Define what loyalty means for your business
Start by considering what loyalty means in your business. It can be defined as customers spending more money in your business. Or, you might define loyalty as wanting customers to spend more frequently with your business.
Or, perhaps it means you want your customers to refer your business to others. Either way, a carefully constructed loyalty program can achieve all of the above.
Loyalty program experts and loyalty managers say that loyalty is rewarded when the shopping experience is truly unique for the consumer. Meanwhile, customer service, of course, plays a part, with businesses that consistently offering exemplary service often finding it easier to engender loyalty.
Get to know your customer
Businesses that take the trouble to get to know their customer and undertake micro-marketing to specific groups of customers have far more success than those who don’t.

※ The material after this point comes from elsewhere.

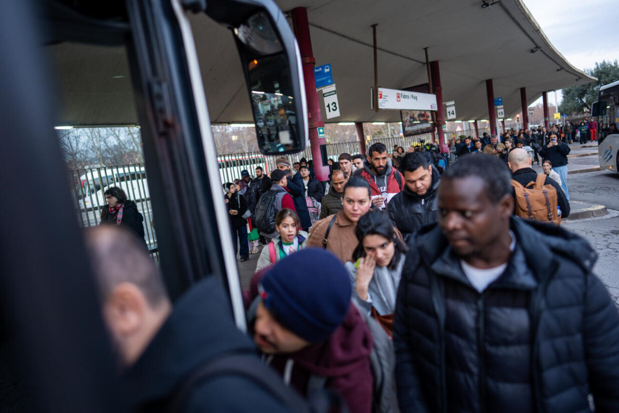 Usuaris a l’estació de Fabra i Puig per a entrar en un autobús, arran de la manca de trens. Fotografia: ACN.

But bear in mind that as brands proliferate in each category, modern-day customers won’t to put up with anything that a loyalty program that isn’t authentic.
Measure and monitor
Businesses need to keep in mind that loyalty programs don’t run themselves. They need to be constantly reviewed and refreshed. Measuring and monitoring what is working is also critical.
Once you’ve got one in place, they can be difficult to remove from your business strategy, this means you need to be in it for the long haul!
Meanwhile, businesses with an existing loyalty program in place should consider refreshing their loyalty program to ensure they’re getting the most out of it.